----- SUPPLIED DATA -----
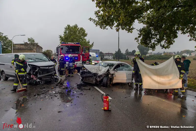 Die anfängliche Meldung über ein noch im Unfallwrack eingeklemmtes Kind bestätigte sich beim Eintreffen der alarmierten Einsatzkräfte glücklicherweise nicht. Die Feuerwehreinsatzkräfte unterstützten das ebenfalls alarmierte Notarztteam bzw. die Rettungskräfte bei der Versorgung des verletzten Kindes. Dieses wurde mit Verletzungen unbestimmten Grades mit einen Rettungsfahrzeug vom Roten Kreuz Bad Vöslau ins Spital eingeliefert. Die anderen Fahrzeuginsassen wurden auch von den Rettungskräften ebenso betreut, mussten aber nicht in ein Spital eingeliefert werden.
-----
----- SUPPLIED DATA -----
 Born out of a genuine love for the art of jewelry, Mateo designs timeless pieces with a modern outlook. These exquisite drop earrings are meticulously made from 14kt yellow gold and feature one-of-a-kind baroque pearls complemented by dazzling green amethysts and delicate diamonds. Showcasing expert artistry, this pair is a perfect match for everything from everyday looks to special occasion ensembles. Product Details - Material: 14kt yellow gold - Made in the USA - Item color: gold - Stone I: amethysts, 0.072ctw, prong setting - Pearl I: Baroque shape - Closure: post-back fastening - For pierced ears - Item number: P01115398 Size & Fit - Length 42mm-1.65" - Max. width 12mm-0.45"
-----
----- SUPPLIED DATA -----
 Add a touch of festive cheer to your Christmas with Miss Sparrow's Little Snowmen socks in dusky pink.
-----
**YOUR ASSIGNMENT:**
Among the entries, copy every line containing the word "with".

**TASK RESPONSE:**
 Born out of a genuine love for the art of jewelry, Mateo designs timeless pieces with a modern outlook. These exquisite drop earrings are meticulously made from 14kt yellow gold and feature one-of-a-kind baroque pearls complemented by dazzling green amethysts and delicate diamonds. Showcasing expert artistry, this pair is a perfect match for everything from everyday looks to special occasion ensembles. Product Details - Material: 14kt yellow gold - Made in the USA - Item color: gold - Stone I: amethysts, 0.072ctw, prong setting - Pearl I: Baroque shape - Closure: post-back fastening - For pierced ears - Item number: P01115398 Size & Fit - Length 42mm-1.65" - Max. width 12mm-0.45"
 Add a touch of festive cheer to your Christmas with Miss Sparrow's Little Snowmen socks in dusky pink.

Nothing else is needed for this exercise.